If a caller passes an id captured before a bnxt_clear_crypto() epoch
bump, set_bit() will mark a currently in-use slot as free, and a
subsequent bnxt_alloc_one_kctx() can hand the same hardware KID to a
second kTLS connection — which for AES-GCM means (key, nonce) reuse.

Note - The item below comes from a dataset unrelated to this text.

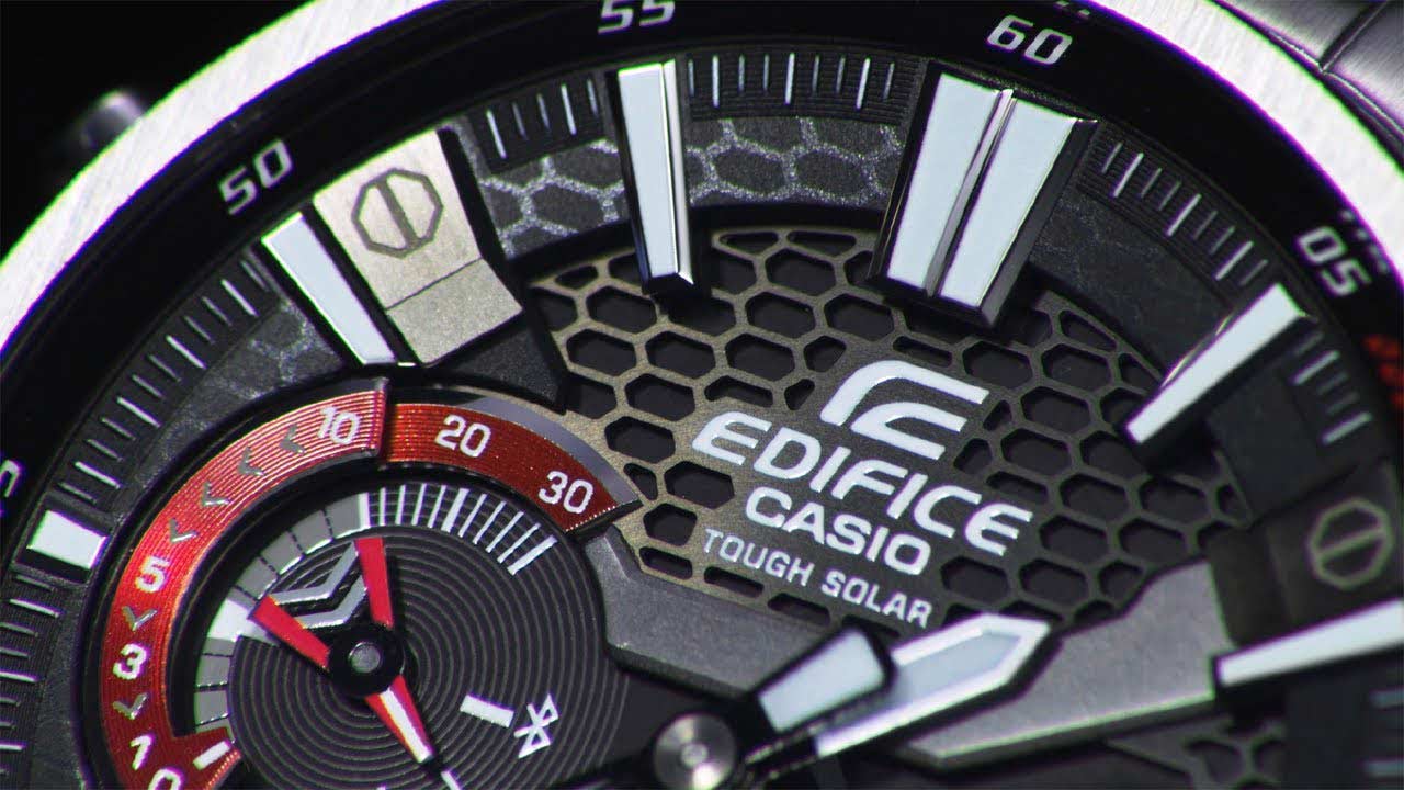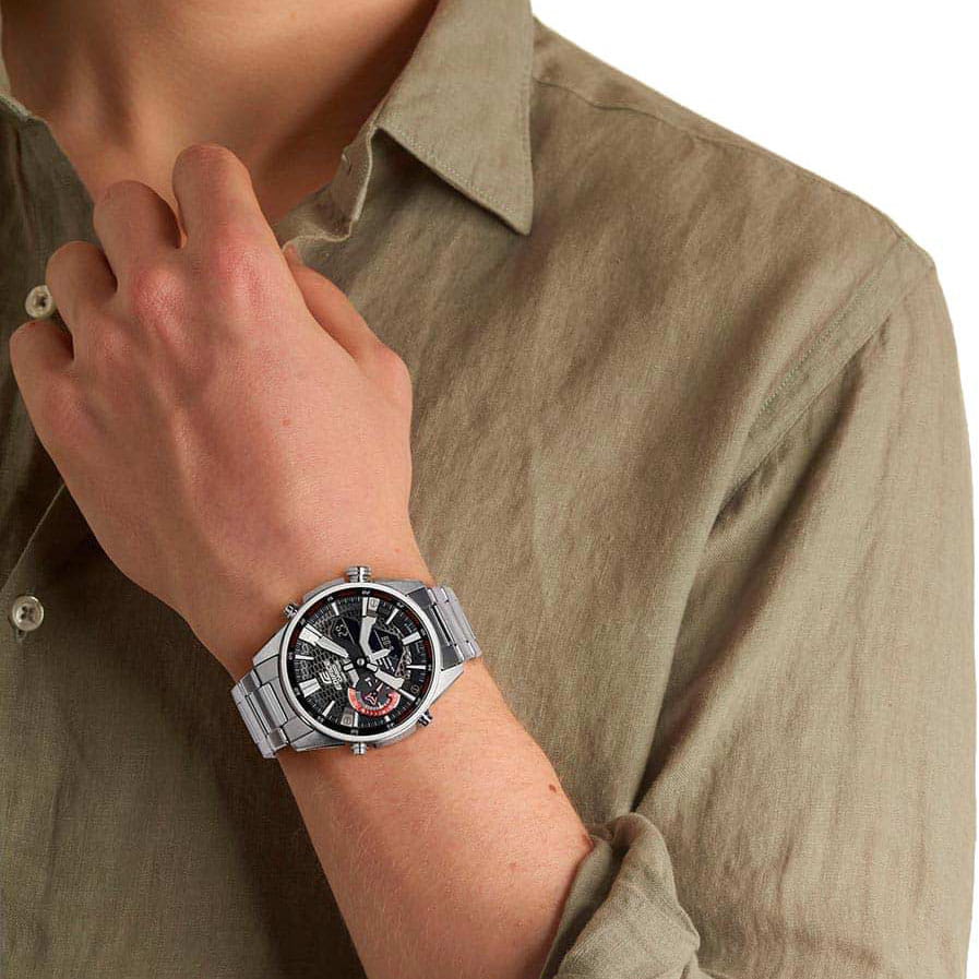 Японские мужские часы из коллекции Edifice отражают динамику и спортивный стиль, связанный с автомобильной тематикой.

The single in-tree consumer (introduced later in the series) does call
bnxt_kid_valid() before bnxt_free_one_kctx(), so this is not currently
reachable, but would a defensive epoch check inside this function close
the API hazard?

> +
> +#define BNXT_KCTX_ALLOC_RETRY_MAX	3
> +
> +int bnxt_key_ctx_alloc_one(struct bnxt *bp, struct bnxt_kctx *kctx, u8 kind,
> +			   u32 *id)
> +{
> +	int rc, retry = 0;
> +
> +	while (retry++ < BNXT_KCTX_ALLOC_RETRY_MAX) {
> +		rc = bnxt_alloc_one_kctx(kctx, kind, id);
> +		if (!rc)
> +			return 0;
> +
> +		if ((kctx->total_alloc + BNXT_KID_BATCH_SIZE) > kctx->max_ctx)
> +			return -ENOSPC;
> +
> +		if (!BNXT_KCTX_ALLOC_OK(kctx)) {
> +			wait_event(kctx->alloc_pending_wq,
> +				   BNXT_KCTX_ALLOC_OK(kctx));
> +			continue;
> +		}
> +		rc = bnxt_hwrm_key_ctx_alloc(bp, kctx, kind,
> +					     BNXT_KID_BATCH_SIZE, id);
> +		if (!rc)
> +			return 0;
> +	}
> +	return -EAGAIN;
> +}

[Medium]
The struct definition documents kctx->lock as

	/* to serialize update to the linked list and total_alloc */
	spinlock_t		lock;

and bnxt_key_ctx_store() does

	spin_lock(&kctx->lock);
	list_add_tail_rcu(&kid->list, &kctx->list);
	kctx->total_alloc += kid->count;
	spin_unlock(&kctx->lock);

but here total_alloc is read with no lock and no READ_ONCE().  Multiple
callers can each observe a stale value and proceed to issue their own
HWRM allocation, which combined with the BNXT_KCTX_ALLOC_PENDING_MAX
gate (8 in flight) can ask the firmware for up to
8 * BNXT_KID_BATCH_SIZE = 1024 IDs beyond max_ctx before any of them
update the counter.

Should this read be serialised under kctx->lock, or otherwise made
race-free with respect to the writers?

[Low]
On the BNXT_KCTX_ALLOC_OK gate itself, the check-then-act here is
non-atomic: BNXT_KCTX_ALLOC_OK reads alloc_pending and
bnxt_hwrm_key_ctx_alloc() does a separate atomic_inc_return().  Many
threads can simultaneously observe alloc_pending < 8 and then all
proceed to inc, raising it arbitrarily above the cap.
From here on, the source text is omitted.